Michael Evans was aged 8 in 1944, he remembers living in Carshalton, Surrey, South London. The war was raging, his neighbours had been bombed out of their homes. Around the time of the Normandy landings, the Germans started firing doodle bugs over Southern England. They were particularly frightening as they made a horrible droning noise as they flew overhead, the people quickly realized that the danger began as the noise stopped, they then dropped from the sky and exploded causing terrible damage. They created fear in the population, and many nights were spent huddled in shelters until the danger passed.

The Evans family were close friends with the next but one neighbours.
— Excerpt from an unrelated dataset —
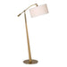 The Kennett Floor Lamp's Blend Of Modern And Classic Materials Makes It A Versatile Choice For Any Space. It Features A Tapered Wooden Base Balanced On A Plated Antique Brass Foot, Complemented By A Matching Adjustable Shade Arm. The Round Hardback Drum Shade Is A Casual White Linen Fabric.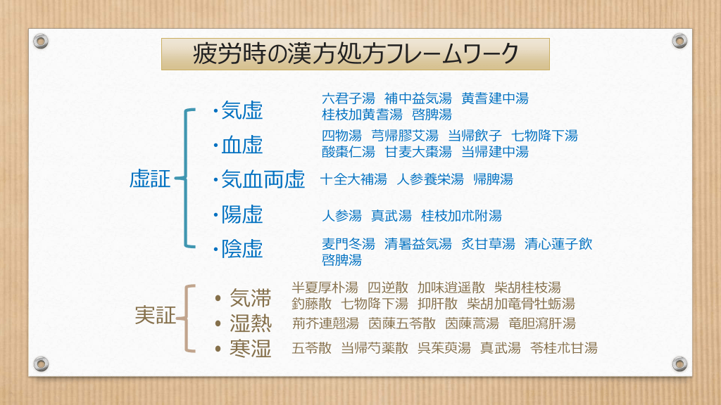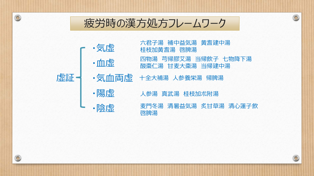 #4. 疲労時の漢方処方フレームワーク ・気虚 虚証  六君子湯 補中益気湯 黄耆建中湯 桂枝加黄耆湯 啓脾湯  ・血虚  四物湯 芎帰膠艾湯 当帰飲子 七物降下湯 酸棗仁湯 甘麦大棗湯 当帰建中湯  ・気血両虚  十全大補湯 人参養栄湯 帰脾湯  ・陽虚  人参湯 真武湯 桂枝加朮附湯  ・陰虚  麦門冬湯 清暑益気湯 炙甘草湯 清心蓮子飲 啓脾湯

One night I was with my father, brother, Neighbour and his son. For the first time we were allowed to stand outside our Anderson shelter watching and listening as the doodle bugs flew overhead. As we stood there, the doodle bug stopped. Father was in a panic, we three boys were thrown into the shelter, followed closely by my father and neighbour who miraculously came through the small doorway together.
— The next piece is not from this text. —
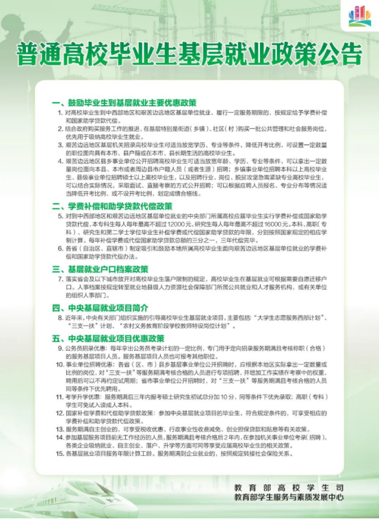 12.国家补偿学费和代偿助学贷款政策:参加中央基层就业项目的毕业生,符合规定条件的,可享受相应的学费补偿和助学贷款代偿政策。

Because of the immense damage and fear, the evacuation process was renewed and many children were to be evacuated from the London area. My brother and I were to be evacuated to Ashton in Makerfield. Before I went I had to have a medical, this took place in the woodwork room of the local school. We went off by train with our gas masks and our brown labels with our names and address on. It was a long journey with an overnight stay in a large school dormitory in St Helens. We were billeted with a wonderful family who had a son and daughter they had expected one child but quickly welcomed both of us. We wore clogs like the local children, and I remember the knocker-up coming round with a stick which he used to bang on bedroom windows to let the workers know it was time to be up and off to work. We stayed a year and returned home in 1945. We have always kept in touch with the family, they came to both our weddings, and I am still in contact with the son of the family.